While the public focuses on the Greek news on television every day, the large investment power players have already moved on.  If you follow the number of notional Credit Default Swaps over the past few weeks, it shows that the major activity has moved away from Greece and is now centered around Portugal, Spain, and even France.

The Credit Default Swaps are insurance contracts that are bought to protect investors against bond failure.  If a country begins to lose credibility the cost to insure it goes up, and the investors who bought CDS contracts early make a fortune.

This is what John Paulson did a few years ago when he was working with Goldman Sacs to bet against subprime.  (The story you are hearing on the news today)

It is laughable that the media is focused on Paulson's bets from 2006, when the same exact event is happening live today, only the hedge funds are attacking European countries.

You can imagine the CDS investors as a bee swarm that move from host to host, attacking.  When they have destroyed their current target they then move on to the next.  After their attack they take their profits and the host country needs an immediate bail out with printed dollars.

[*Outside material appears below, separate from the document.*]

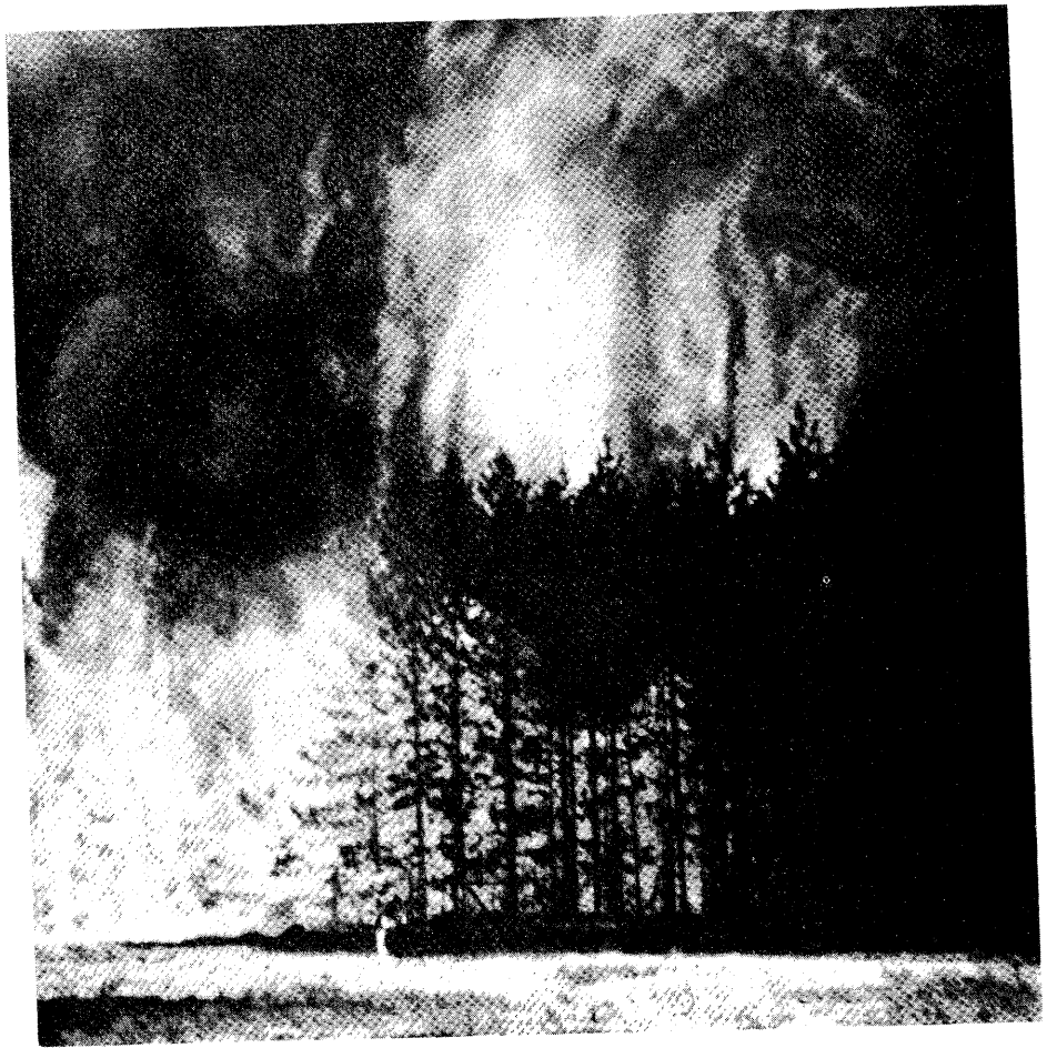
FIG. 1. Fire C6 in the red pine plantation at maximum intensity, moving from left to right. Note person just left of centre.
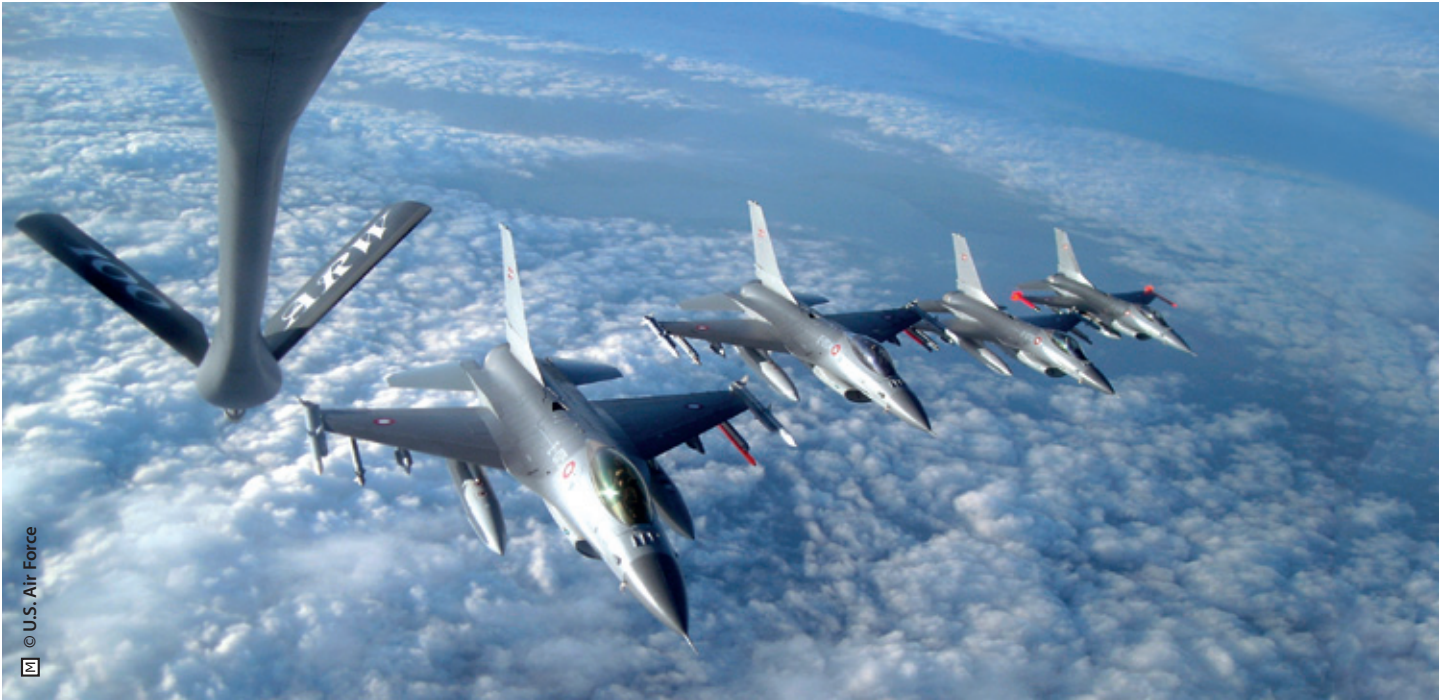
Four Royal Danish Air Force F-16s in formation behind a 100th ARW KC-135 over Denmark 08 Dec 09.

The bee swarm is expected to move swiftly through Europe destroying everything in its path before moving on to either the UK or Japan.  Astute investors watching this happen ultimately believe their final target will be the United States.  They will first attack the local municipal (state government) debt, before moving on the the largest target in the wilderness: the US Federal Debt.  They will break they country state by state, weakening it, before taking down the body.

Of course, it is not the bee swarm's fault that countries are failing.  If governments ran a balanced budget their swarms would be unsuccessful.  It is just nature taking its course.  The free market working.

It is incredible to watch it all take place. You will hear nothing about this story from the media.  They are focused on the stock market rising and the Goldman Sacs story from 4 years ago.